First of A Kind Gene Silencing Alzheimers Drug Shows Promise

UK scientists have gone on to conduct the first ever trial of a new drug for Alzheimer’s that is able to safely as well as successfully lower the levels of the very harmful tau protein, which is known to cause the disease.

The trial led by University College, London team represents the first time that a gene silencing form of approach has been adopted in dementia as well as Alzheimer’s disease.
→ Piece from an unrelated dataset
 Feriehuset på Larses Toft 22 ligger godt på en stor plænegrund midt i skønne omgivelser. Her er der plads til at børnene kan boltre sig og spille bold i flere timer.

This novel approach uses drug by name of BIIB080-IONIS-MAPTRx to silence gene coding in the case of the tau protein, also known as the microtubule-associated protein tau gene. All this prevents the gene from getting translated into the protein in a dose-dependent and reversible way. It also lowers the production of that particular protein and alters the course of the disease. One of the consultant neurologists from UCL Queen Square Institute of Neurology, Dr. Catherine Mummery, opined that they will have to put further research to gauge the extent to which the drug can slow the progression of the physical symptoms of the disease and analyse the drug in older as well as larger people groups and in a more diverse set of populations.
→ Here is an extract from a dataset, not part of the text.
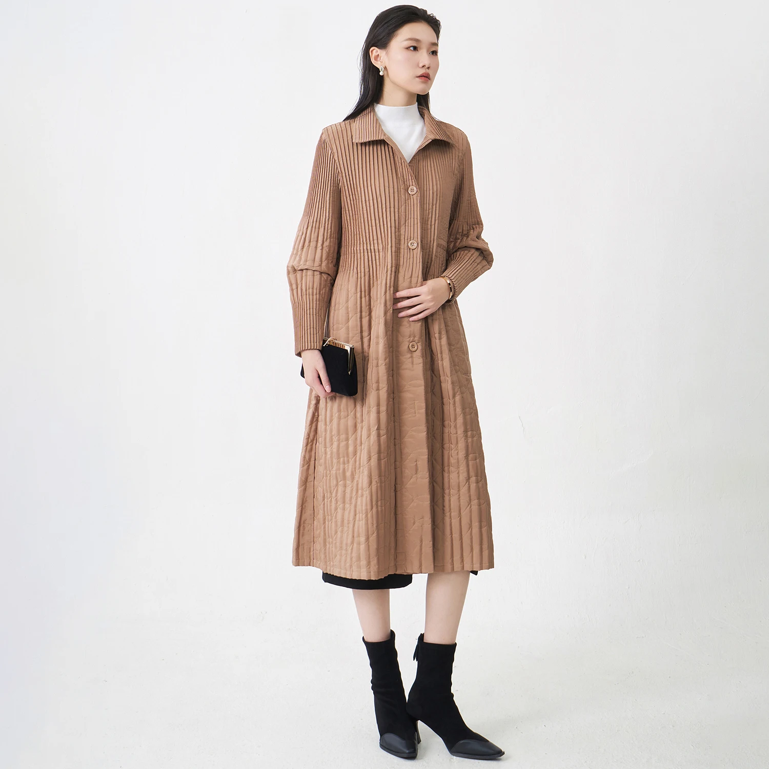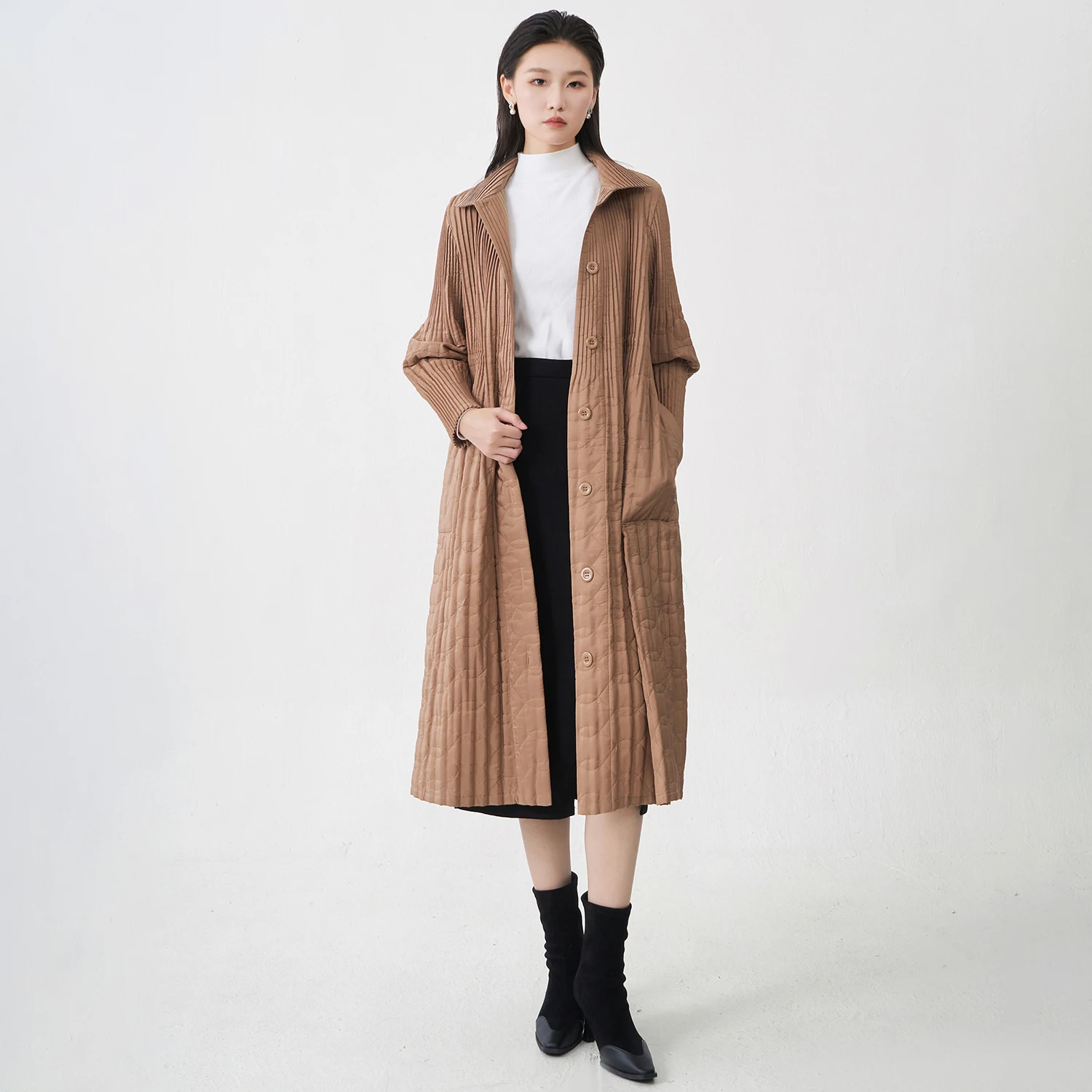 Miyake Pleated Cotton Coat 2025 Winter Korean Version Loose Mid-length Cotton Coat High Quality Women's Fashion Coat

However, these results are a prominent step forward in assuring that one can successfully target tau through a gene silencing drug so as to slow or possibly even reverse Alzheimer’s disease and also other diseases that are caused by the accumulation of tau in the future, Mummery added.
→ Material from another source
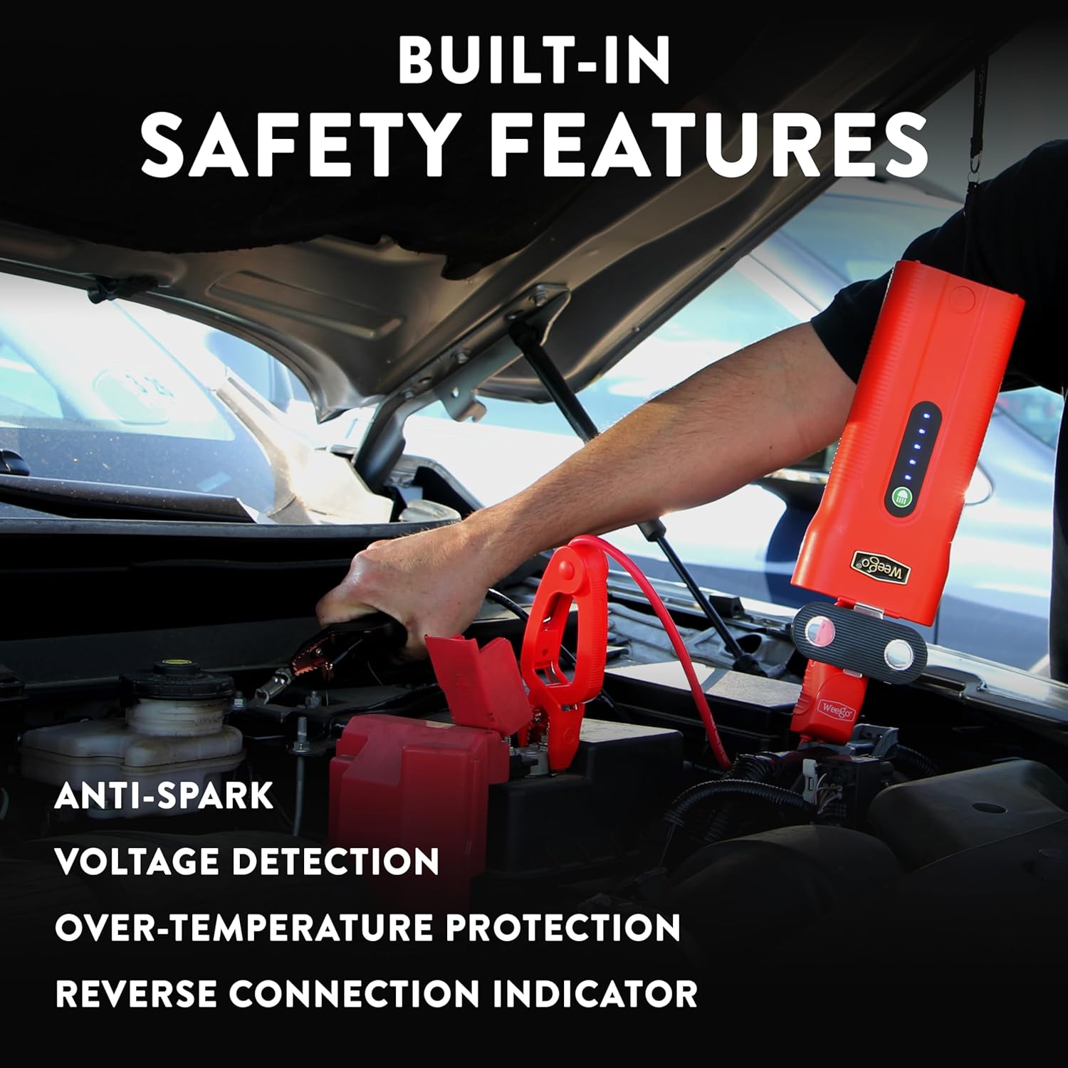 - LIGHTWEIGHT AND VERSATILE: Weego 70 battery jump starter weighs just 3.5lbs, contains a 400 lumen flashlight, and doubles as a portable power bank to charge USB and 12V devices.

It is well to be noted that the phase 1 trial too into account the safety of BIIB080 in terms of what it does to the body and how well it can go on to target the MAPT gene. 46 patients, with an average age of 66, were a part of the trial that happened from 2017 to 2020. The trial took into account three doses of the drug given via an intrathecal injection that were compared with the placebo. The results that got published in the Nature Medicine journal demonstrated that the drug was pretty well tolerated, with all patients completing the entire treatment period and more than 90% completing the post-treatment schedule.

Apparently, patients in both the treatment and placebo groups got to have either mild or moderate side effects; the most common was a headache once the drug was injected. That said, no serious adverse events were seen among the patient group that was given the drug.

The research also paid attention to two variations of the tau protein within the central nervous system, which was a reliable disease indicator during the entire study period. Additional 50% reduction in levels of total tau as well as phosphor tau concentration within the CNS after 24 weeks were found in both treatment groups, which went on to receive the highest drug dosage.

Notably, there are currently no treatments that target tau. However, aducanumab, lecanemab that have been approved recently for usage in certain situations by the USFDA go on to target a different disease mechanism within AD, which is the amyloid plaque mechanism.